473,520 Members | 14,047 Online
Bytes | Software Development & Data Engineering Community
+ Post

Home Posts Topics Members FAQ

How to import data from a website using VBA

Seth Schrock
2,965 Recognized Expert Specialist
I'm creating a database that will pull some data from a website and then do the necessary manipulations to it. The BE of the database is SQL Server with an Access FE. I have gotten as far as being able to pull the source code from the website and then extract just the HTML table.

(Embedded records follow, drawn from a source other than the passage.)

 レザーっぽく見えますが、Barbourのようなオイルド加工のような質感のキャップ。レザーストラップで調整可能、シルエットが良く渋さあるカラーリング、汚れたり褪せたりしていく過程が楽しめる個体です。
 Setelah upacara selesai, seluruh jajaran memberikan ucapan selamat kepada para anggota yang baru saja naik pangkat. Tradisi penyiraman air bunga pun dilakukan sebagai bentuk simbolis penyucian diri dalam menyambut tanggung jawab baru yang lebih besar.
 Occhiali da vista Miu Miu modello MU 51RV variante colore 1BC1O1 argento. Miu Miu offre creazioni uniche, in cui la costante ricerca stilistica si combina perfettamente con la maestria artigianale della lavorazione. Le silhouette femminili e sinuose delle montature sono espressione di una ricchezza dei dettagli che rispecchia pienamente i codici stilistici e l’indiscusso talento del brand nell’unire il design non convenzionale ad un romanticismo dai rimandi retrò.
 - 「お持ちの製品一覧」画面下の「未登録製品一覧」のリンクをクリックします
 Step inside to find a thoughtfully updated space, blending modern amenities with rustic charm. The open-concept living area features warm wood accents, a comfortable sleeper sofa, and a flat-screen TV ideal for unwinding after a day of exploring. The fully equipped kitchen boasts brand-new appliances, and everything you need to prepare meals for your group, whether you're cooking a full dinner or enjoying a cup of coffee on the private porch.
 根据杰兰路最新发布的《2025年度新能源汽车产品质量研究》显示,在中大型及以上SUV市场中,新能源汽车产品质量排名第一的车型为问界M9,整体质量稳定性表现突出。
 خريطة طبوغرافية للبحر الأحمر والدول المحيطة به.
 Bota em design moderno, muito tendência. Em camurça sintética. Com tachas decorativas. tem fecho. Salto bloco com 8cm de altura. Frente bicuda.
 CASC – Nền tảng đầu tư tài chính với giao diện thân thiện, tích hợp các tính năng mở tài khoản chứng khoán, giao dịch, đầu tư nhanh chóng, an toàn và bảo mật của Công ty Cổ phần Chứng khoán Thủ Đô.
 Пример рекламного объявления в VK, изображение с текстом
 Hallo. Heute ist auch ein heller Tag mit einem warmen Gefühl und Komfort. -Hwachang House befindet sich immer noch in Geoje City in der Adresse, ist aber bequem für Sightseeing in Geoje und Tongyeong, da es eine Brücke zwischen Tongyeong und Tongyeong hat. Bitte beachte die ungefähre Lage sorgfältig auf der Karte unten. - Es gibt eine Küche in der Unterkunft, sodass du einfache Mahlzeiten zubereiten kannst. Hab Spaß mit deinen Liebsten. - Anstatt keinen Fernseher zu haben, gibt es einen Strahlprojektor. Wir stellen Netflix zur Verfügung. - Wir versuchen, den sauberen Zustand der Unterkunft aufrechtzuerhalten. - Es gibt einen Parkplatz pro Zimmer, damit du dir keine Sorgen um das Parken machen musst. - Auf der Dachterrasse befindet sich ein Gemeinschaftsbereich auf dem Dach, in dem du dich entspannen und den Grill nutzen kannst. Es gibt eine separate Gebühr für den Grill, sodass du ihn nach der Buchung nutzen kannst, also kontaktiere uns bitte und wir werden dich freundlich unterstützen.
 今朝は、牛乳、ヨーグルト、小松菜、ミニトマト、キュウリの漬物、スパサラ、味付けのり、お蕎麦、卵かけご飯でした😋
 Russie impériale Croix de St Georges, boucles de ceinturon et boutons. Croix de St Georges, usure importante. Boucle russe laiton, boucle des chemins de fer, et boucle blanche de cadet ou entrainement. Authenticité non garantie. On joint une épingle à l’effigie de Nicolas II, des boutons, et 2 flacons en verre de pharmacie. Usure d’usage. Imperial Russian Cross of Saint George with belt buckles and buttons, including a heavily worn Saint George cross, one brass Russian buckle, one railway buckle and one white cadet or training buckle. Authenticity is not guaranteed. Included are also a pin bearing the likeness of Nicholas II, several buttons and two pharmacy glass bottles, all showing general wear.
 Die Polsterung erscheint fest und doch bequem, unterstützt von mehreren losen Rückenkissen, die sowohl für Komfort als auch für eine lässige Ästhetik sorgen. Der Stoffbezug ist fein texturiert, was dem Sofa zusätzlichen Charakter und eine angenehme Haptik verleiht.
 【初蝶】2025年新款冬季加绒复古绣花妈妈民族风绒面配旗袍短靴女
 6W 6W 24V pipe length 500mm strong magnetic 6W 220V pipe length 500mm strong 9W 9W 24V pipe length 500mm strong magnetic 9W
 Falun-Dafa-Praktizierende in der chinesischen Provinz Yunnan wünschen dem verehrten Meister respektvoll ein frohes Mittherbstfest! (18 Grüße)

I'm now stuck with the HTML table code stored in a string variable and I don't know how to proceed from here. I could use the InStr(), and Mid() functions to get the values out of the table and then write them to a table, but I was hoping that I could just import the data so that I wouldn't have to write as much code that gets difficult to figure out because of nested InStr() and Mid() functions.
Sep 30 '13 #1
8 7848
Rabbit
12,516 Recognized Expert Moderator MVP
Rather than a bunch of mid and instr methods, I would use split or regular expressions. I don't think there's a native function to inport html data.
Sep 30 '13 #2
ADezii
8,834 Recognized Expert Expert
How about Posting a sample of the Data contained in your String Variable.
Oct 1 '13 #3
Hennepin
25 New Member
I wrote this code several years ago to down load baseball stats from espn. It reads one character at a time.
saves the output into a comma seperated file.
You can tweak it to your needs.

Have a reference to microsoft scripting runtime for file system object.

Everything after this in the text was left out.